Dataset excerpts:
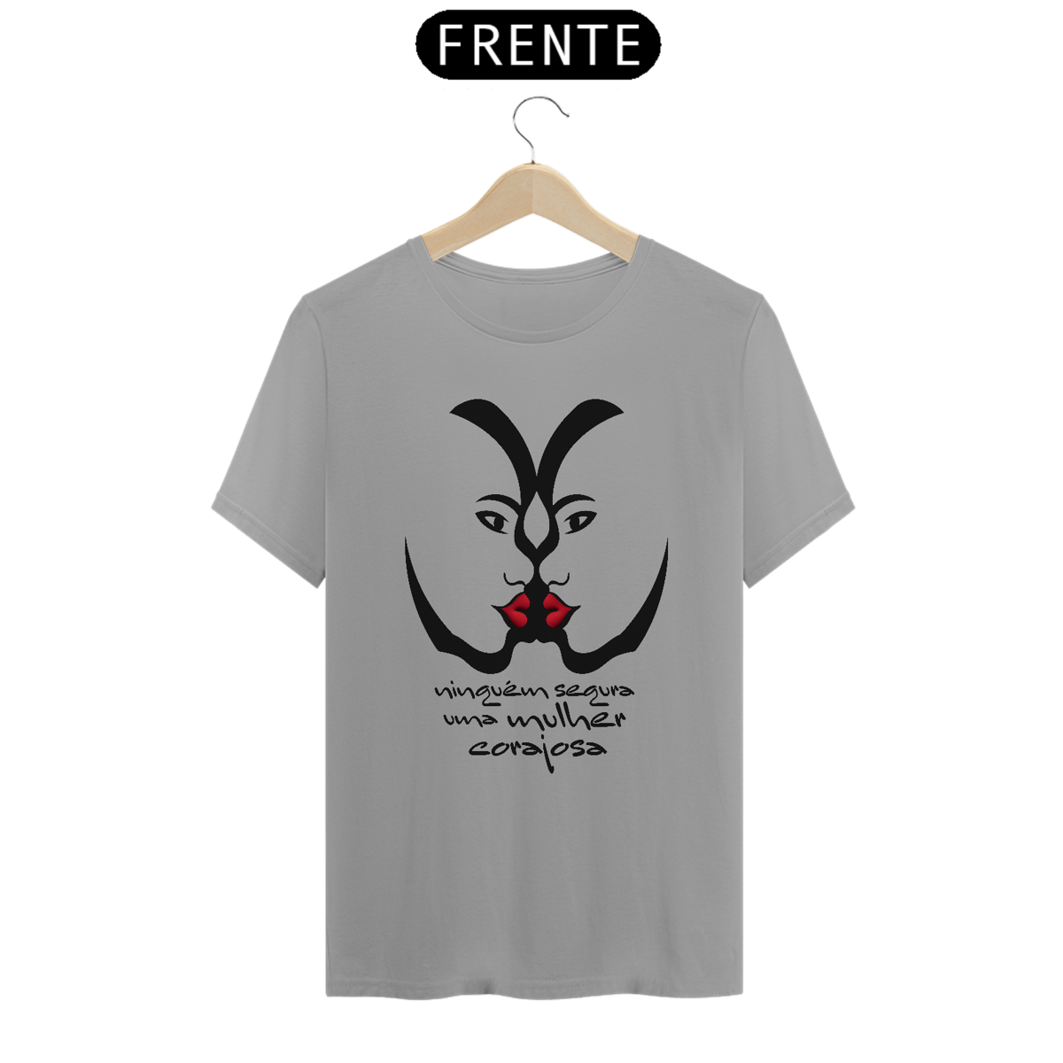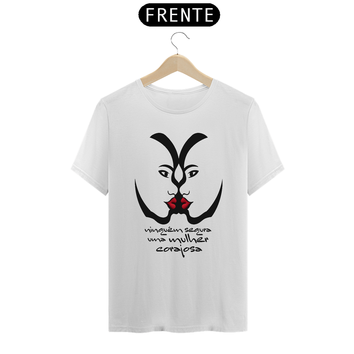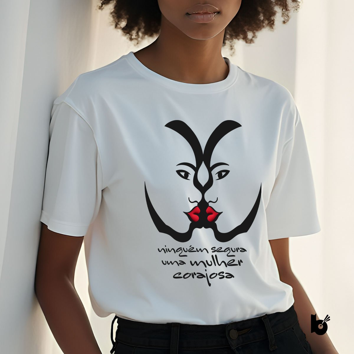Não há barreira que detenha de uma mulher corajosa. Com um design minimalista e impactante, nossa estampa exclusiva com duas faces refletidas desenhada à mão captura a essência das mulheres corajosas que desafiam as expectativas e superaram as limitações    mesmo quando as circunstâncias são adversas. A frase "Ninguém Segura uma Mulher Corajosa" reafirma a resistência e autonomia do empoderamento feminino.
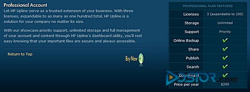 据惠普方面表示,HP Upline将提供部分的免费服务,其中,免费用户可以获得一年授权,并提供给其1GB的在线存储空间,而对于家庭、SOHO用户一起企业用户,惠普也提供了相应的在线存储与备份解决方案,但是这些服务需要支付一定的服务费用。目前最贵的版本为Professional Account,其价格为一年299美元,提供无限的存储空间,最大100个登录授权,全面的技术支持以及在线备份、在线分享、发布、搜索等服务。
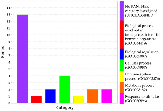PANTHER GO-slim biological processes of the 18 putative genes returned 33 hits (https://pantherdb.org, (accessed on 9 November 2023)).
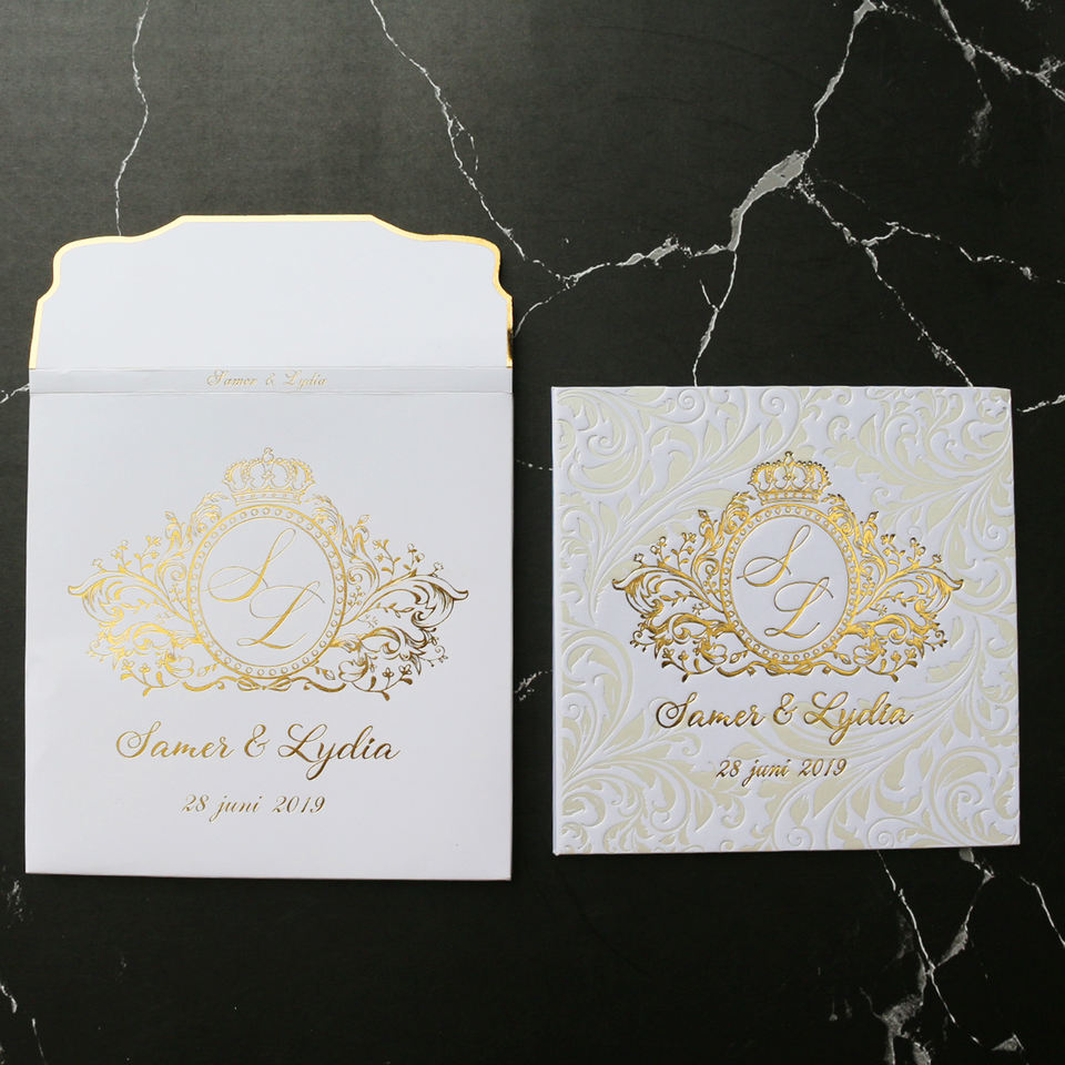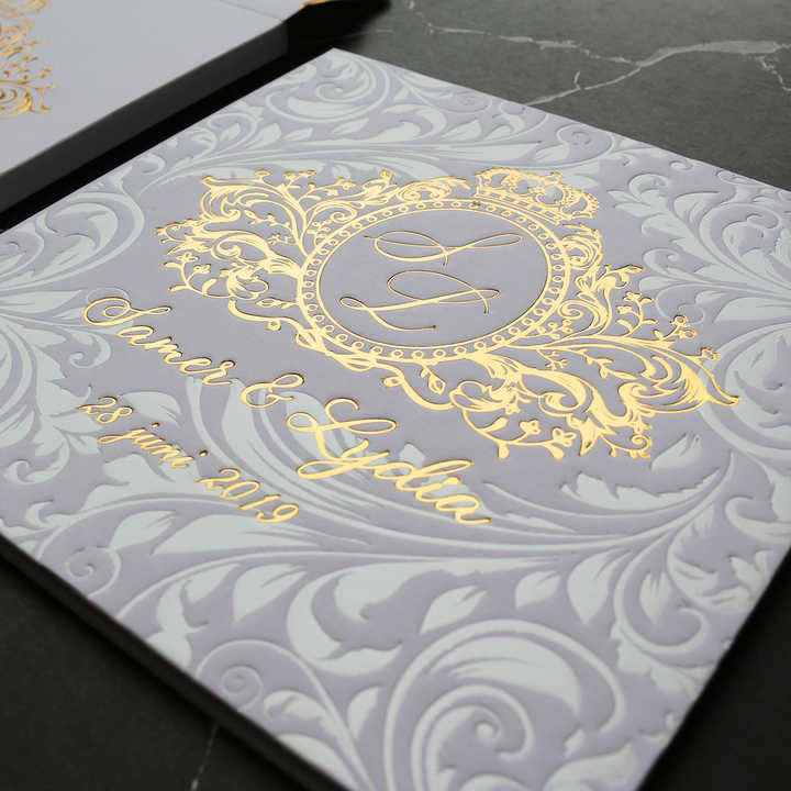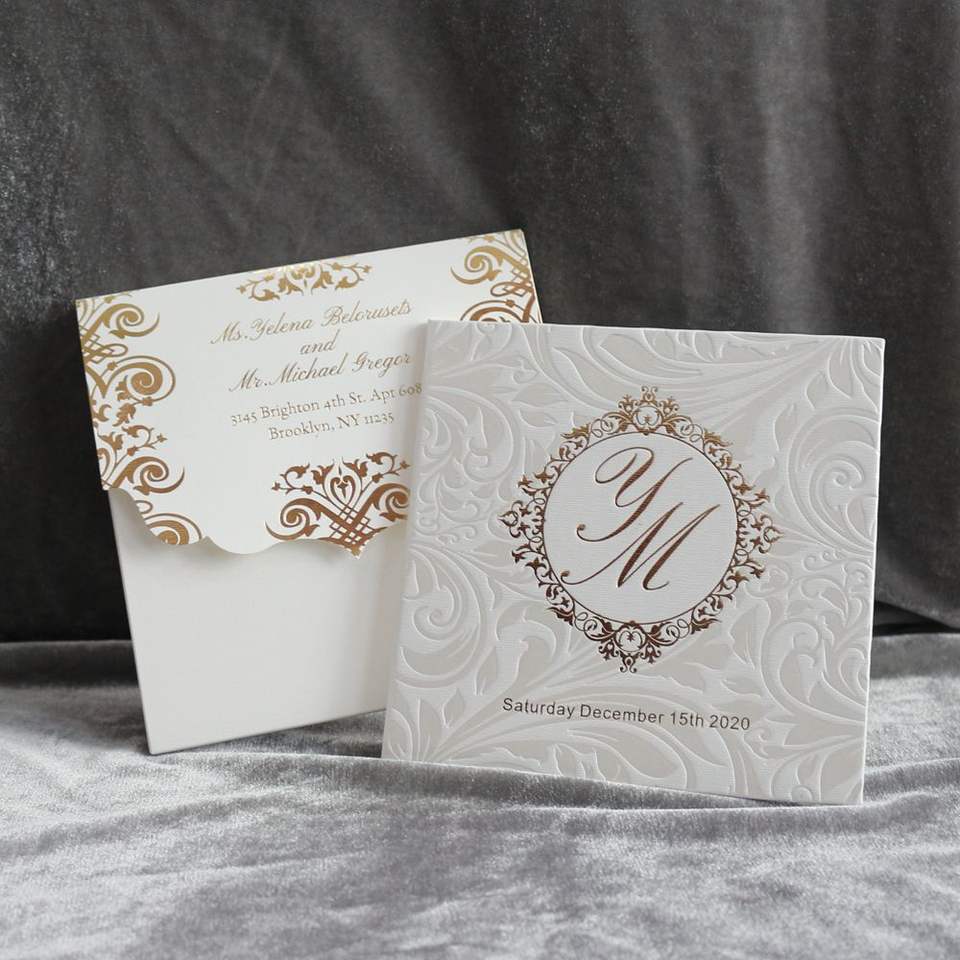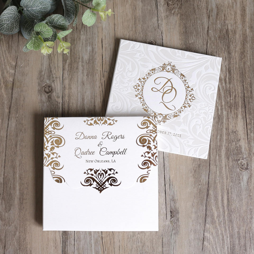 Style de livre carré avec motif de gaufrage Couverture rigide Invitation de mariage Cartes d'invitation d'anniversaire personnalisées Cartes RSVP
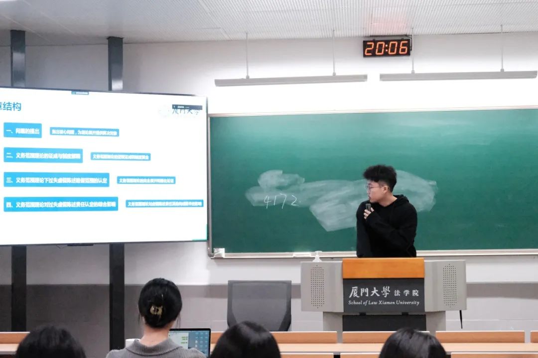 第三位主讲人饶涛盛同学赏析的论文是北京大学洪国盛博士的《义务范围理论下证券服务机构过失虚假陈述赔偿责任》。饶涛盛同学认为该论文以义务范围理论研究证券服务机构过失虚假陈述的责任承担问题,具有突出的现实意义和学术新颖性。本文按照“提出理论、证成理论、应用理论”的行文思路进行,条理清晰。在研究方法方面采用了案例分析、比较分析以及规范分析的方法,深入浅出地阐明了义务范围理论的核心观点,值得大家学习。肖老师总结道,义务范围理论的确具有一定的合理性,但是不同证券服务机构之间的职责划分问题仍需要进一步探讨。同时,他强调同学们在学术研究中一定要克服日常用语的笼统性,在论文写作时遣词造句要注意严谨,保持学术用语的精确性。
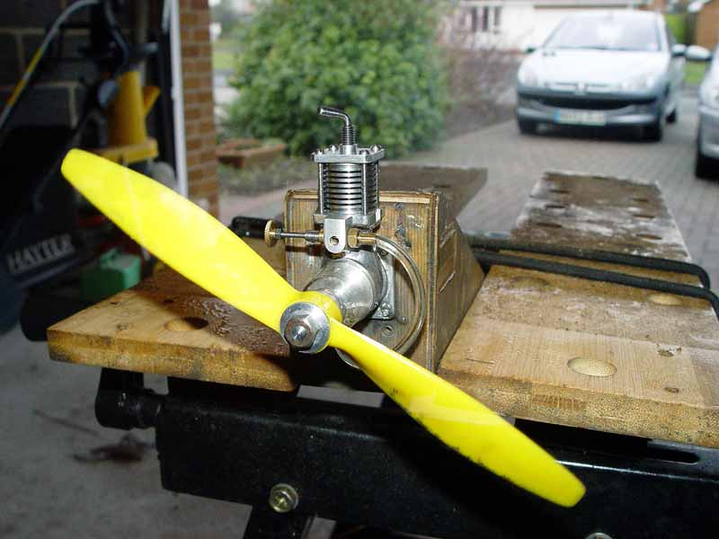 The reproduction is now complete and you'll have to agree, it's a beauty. As a group, The Motor Boys try to be ethical about our reproductions—we don't make them for sale, nor do we part with them, so there is little likelihood of their appearing in less scrupulous hands, being offered as the Real Thing. The tell-tales on Ken's MS 1.2 are: a sand-cast case (original appears die cast), less taper on the front of the fuel tank, and round-head screws as opposed to cheese-heads on the original. The picture captured on the test stand shows the engine running, but as usual, the prop has been strobed into stillness by the flash. I'm busily CADing the engine now, so it will be a future Motor Boy plan.

EXERCISE GOAL:
Write out the records above exactly. Begin with the first line, end with the line holding "第三位主讲人饶涛盛同学赏析的", and drop the pictures.

RESPONSE:
Não há barreira que detenha de uma mulher corajosa. Com um design minimalista e impactante, nossa estampa exclusiva com duas faces refletidas desenhada à mão captura a essência das mulheres corajosas que desafiam as expectativas e superaram as limitações    mesmo quando as circunstâncias são adversas. A frase "Ninguém Segura uma Mulher Corajosa" reafirma a resistência e autonomia do empoderamento feminino.
 据惠普方面表示,HP Upline将提供部分的免费服务,其中,免费用户可以获得一年授权,并提供给其1GB的在线存储空间,而对于家庭、SOHO用户一起企业用户,惠普也提供了相应的在线存储与备份解决方案,但是这些服务需要支付一定的服务费用。目前最贵的版本为Professional Account,其价格为一年299美元,提供无限的存储空间,最大100个登录授权,全面的技术支持以及在线备份、在线分享、发布、搜索等服务。
PANTHER GO-slim biological processes of the 18 putative genes returned 33 hits (https://pantherdb.org, (accessed on 9 November 2023)).
 Style de livre carré avec motif de gaufrage Couverture rigide Invitation de mariage Cartes d'invitation d'anniversaire personnalisées Cartes RSVP
 第三位主讲人饶涛盛同学赏析的论文是北京大学洪国盛博士的《义务范围理论下证券服务机构过失虚假陈述赔偿责任》。饶涛盛同学认为该论文以义务范围理论研究证券服务机构过失虚假陈述的责任承担问题,具有突出的现实意义和学术新颖性。本文按照“提出理论、证成理论、应用理论”的行文思路进行,条理清晰。在研究方法方面采用了案例分析、比较分析以及规范分析的方法,深入浅出地阐明了义务范围理论的核心观点,值得大家学习。肖老师总结道,义务范围理论的确具有一定的合理性,但是不同证券服务机构之间的职责划分问题仍需要进一步探讨。同时,他强调同学们在学术研究中一定要克服日常用语的笼统性,在论文写作时遣词造句要注意严谨,保持学术用语的精确性。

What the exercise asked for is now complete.